被医生这样一说,王友顺也愣了。他忽然发现,从背猪哥上车,再开车到医院将他背进抢救室,一路上,还真没发现一滴血。
于是在猪哥醒来之后,王友顺将这一切告诉他,他自己在悲愤之余也是莫名其妙。
以前受伤那血流得哗哗的,缝了有二十五针的伤口咋会一滴血也没流呢。
他又是愤怒又是惴惴不安时,恰好易梵电话打过来,一肚子郁闷终于找到倾洒出口了。
易梵听完后,沉默不语。
猪哥最讨厌沉默了,连喂两声易梵都没给他反应,他怒了,“吱个声啊,老子是伤员。”
“吱。”
“操。

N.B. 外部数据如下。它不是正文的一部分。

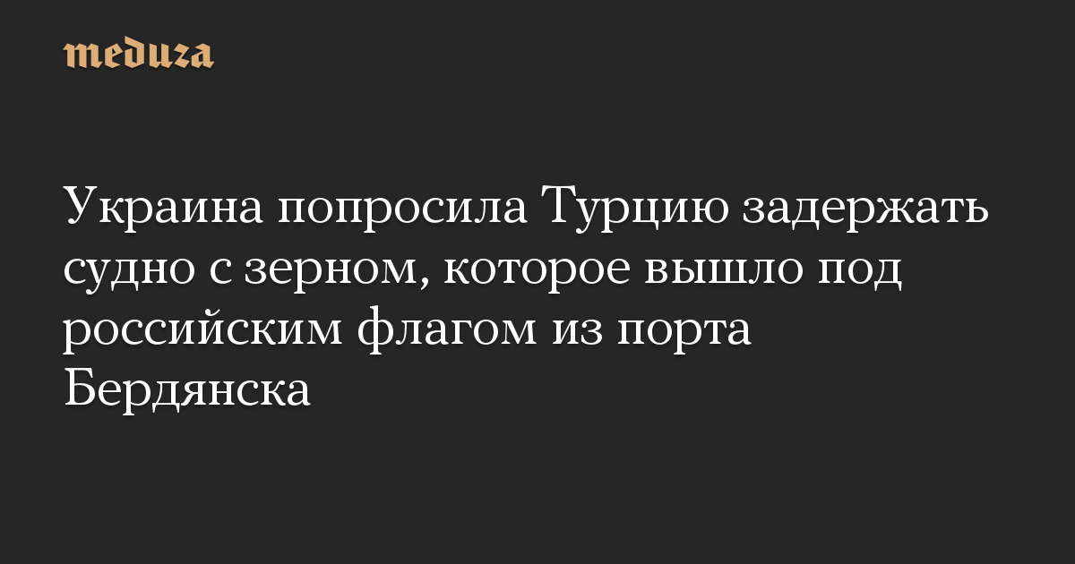 Украина обратилась к Турции с просьбой задержать и арестовать грузовое судно, перевозившее под российским флагом украинское зерно из Бердянска Запорожской области. Об этом сообщает Reuters. Посол Украины в Турции Василий Боднар подтвердил, что попросил турецкие власти принять срочные меры в отношении судна.
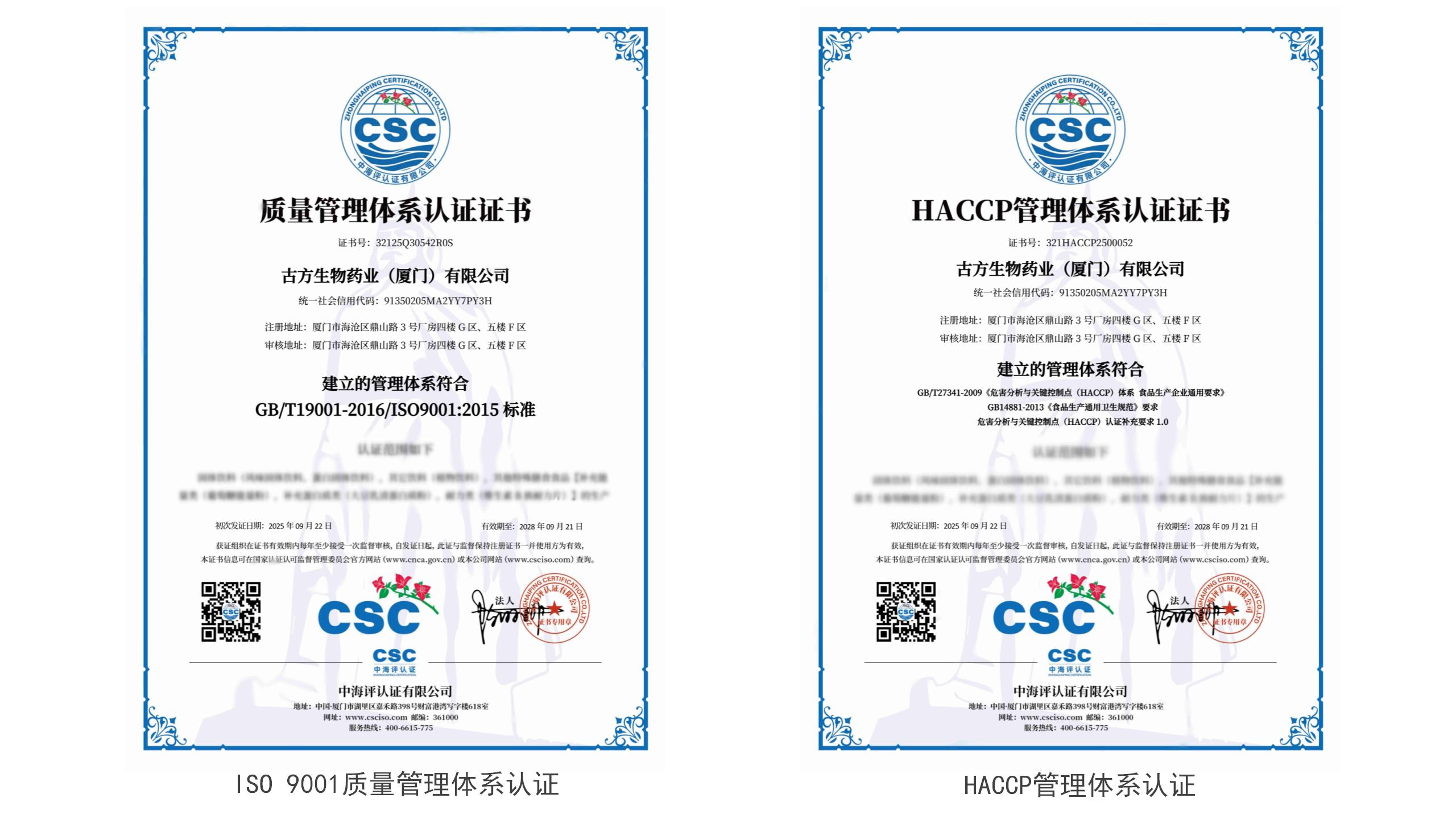 近日,经过严格的审核与评估,古方生物药业(厦门)有限公司成功通过ISO 9001质量管理体系及HACCP管理体系认证,标志着公司在产品研发、生产制造、客户服务等全流程的管理水平迈入国际化行列!这一认证不仅是对我们质量管理能力的权威认可,更是对客户长期信赖的坚实回应。

”猪哥给气笑了。
易梵咳嗽一声,似是觉得这种态度对待猪哥这个伤员不大好,于是开始慰问起来,“那你有没有觉得哪里不舒服之类的?”
猪哥想了想,又伸手按了按伤口的地方,木木的,将这些情况说给易梵听后,末了道:“我该不是中毒了吧?”
听说中毒后,伤口没有感觉。
但没说不流血啊。
他越想越不安,说:“我之前喝了陈知孝放在密室里青梅酒,不会是因为那个吧?”
“你当时怎么没说?”易梵忍不住提高声音。
猪哥强辩解,“那,那不是觉得无关紧要么。”
易梵无语,“你打电话问下画骨,看看她是怎么说的。”
挂断电话后,易梵沉思,想了想,随后拿刀往手上一划,等了半天,却没有一滴血溢出。
*
画骨随着人流一起去了蛇神岛。
蛇村背后有片湖,湖心有个圆形的高台,高台直径大约两公里,高度大约有五百米。而在高台上则伫立着一块连一块的怪石,这些石头又高又粗,大片大片相连,形状奇特,有弯曲的,又竖立的,有躺着的,有尖的,有宽的,有矮,就是这一大片的石头,组成了蛇神岛。
这些石头颜色褐中带绿,细看之下才发现,这些绿色是青苔。
毕竟下面是湖,水气颇大,形成青苔再所难免。
在这些石头下面,有一个洞口,这个洞口则是进入蛇神岛的大门。